Why I Love Montenegro
I still remember the sheer thrill I felt when confronted with the extraordinary beauty of the Bay of Kotor for the first time – and each time I visit, that thrill returns. For me, Montenegro is at its most magical on long summer evenings when the streets fill up with people, young and old, heading out for a slow, social stroll – a scene that’s repeated in every city, town and village throughout the country. Sit me somewhere with a glass of local wine, a plate of grilled squid and a view of the passing parade, and I’m in heaven.
Where Land & Sea Embrace
There’s not a lot of it – barely 100km from tip to toe – but Montenegro’s coast is quite extraordinary. Mountains jut sharply from crystal-clear waters in such a way that the word ‘looming’ is unavoidable.

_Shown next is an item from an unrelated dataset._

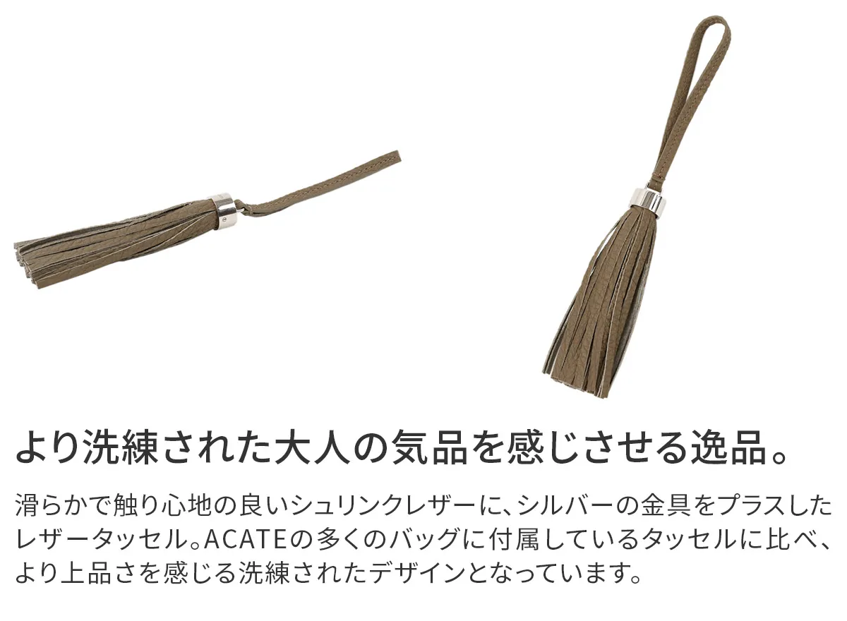 レザーには、上質でソフトな手触りが特徴のイタリア製シュリンクレザー(カーフレザー)を使用しています。 ACATEで採用しているシュリンクレザーは、耐久性、優雅さ、柔らかさを備えており、表面全体に均一で規則的なシボが入っている点が最大の特徴。 使い込むほどに美しい色艶を醸し出す、経年変化が楽しめるレザーです。 ACATEの生産は、MADE IN ITALYの高品質生産を追求し、細部へのこだわりと職人技で知られる工場"Dania”で行われています。 Daniaの強みは、職人技とテクノロジーへの両面投資にあり、伝統的な手縫いの価値を守りながらも、現代的なアプローチを提供しているという点。 Daniaの職人は様々な経験、年齢、背景を持っており、それぞれが専門領域で独自の特色を発揮しています。 40年以上にわたるハンドメイド技術の経験は、専門家の独自のこだわりであり、彼らは絶えず自己を更新し、イタリアとフランスのハイブランドの卓越した品質を維持し続けてきました。 そしてデジタル化による仕上げは、イタリアの最も才能ある若手職人によって担当されています。 Daniaは、コラムマシン、デジタルカッティング、ロングアームマシン、360度アームマシンなどが備わっており、常に最新の技術を提供。 長年にわたり培われた職人技と最新技術の融合が、高品質なプロダクトの提供を可能にしているのです。 滑らかで上質なシュリンクレザーを贅沢に使用した、シルバー金具がアクセントのレザータッセル。 お持ちのバッグに付けてあげることで、バッグを格上げしてくれる逸品です。

As if that wasn’t picturesque enough, ancient walled towns cling to the rocks and dip their feet in the water like they’re the ones on holiday. In summer the whole scene is bathed in the scent of wild herbs, conifers and Mediterranean blossoms. The word ‘magical’ is similarly impossible to avoid.
Living on the Edge
Ever since the Roman Empire split in two 1600 years ago, this land has sat on the borderline between east and west – and it’s all the more interesting for its turbulent past. The richness of its cultural history can be seen in the mosaic floors of Roman villas, flamboyantly painted Orthodox monasteries, ornate Catholic churches, the elegant minarets of mosques, and the sturdy fortresses built by the numerous powers that have fought over these lands. Then there’s the legacy of 50 years as a communist state, independent of both the Eastern Block and the West. For those with even a passing interest in European history, it’s a fascinating place.